Meister Eckhart, Sermon 3
If I were to rephrase this in other terms, I might say:
Intellect’s aim and center of gravity is essence; not automatic association, but residence within its own unadulterated nature.
In any event. As is so often the case, I find myself taking notes based on extended experience and the results of pondering its essential nature.
The term conscious labor — a unique invention of Gurdjieff’s, playing a central role in his explanation of the law of octaves and the nature of what human beings are required to engage in in order to develop spiritual Being— has many meanings according to level. It is, unfortunately, the natural tendency to interpret this within the context of the mind and automatic association.

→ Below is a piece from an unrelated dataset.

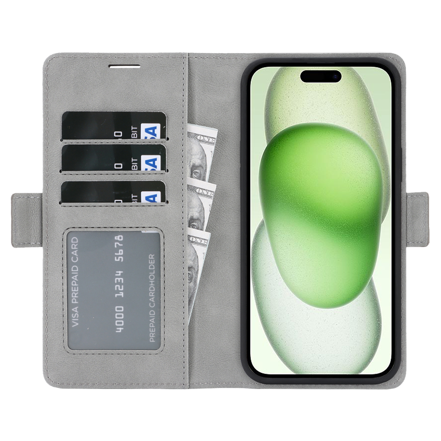For iPhone 15 Case Detachable 2 in 1 Leather Wallet Phone Cover Compatible with MagSafe – Grey

I say this because of the powerful and nearly unavoidable habit, sometimes weirdly believed to be the only and even absolute approach, of using the intellect to try to understand the Gurdjieff work in particular and spiritual work in general.
You cannot know God with the mind; that is, at least, with the average mind of every day being. God is not rooted in thought or ideas, nor is God found within comparisons and associations.
Hence the apophatic tendency, which is to find God by defining everything that God is not: He isn’t, apparently, anything. At least not anything material. The point is that you can’t think your way into heaven — yet this is what we always try to do. As I’ve put it recently to many others, I demand a prenup — an agreement beforehand that everything sacred will submit to my intellect as it arrives, and, as long as it agrees to do that, well then, we’ll agree to conduct this search for the inward understanding of heaven together. Just on my terms, that’s all. Heaven has to arrive without me giving up what I have. If this reminds you of the parable of the rich man entering the kingdom of heaven, there we are.
Conscious labor carries a meaning related to the development of a higher rate of harmonic vibration within Being.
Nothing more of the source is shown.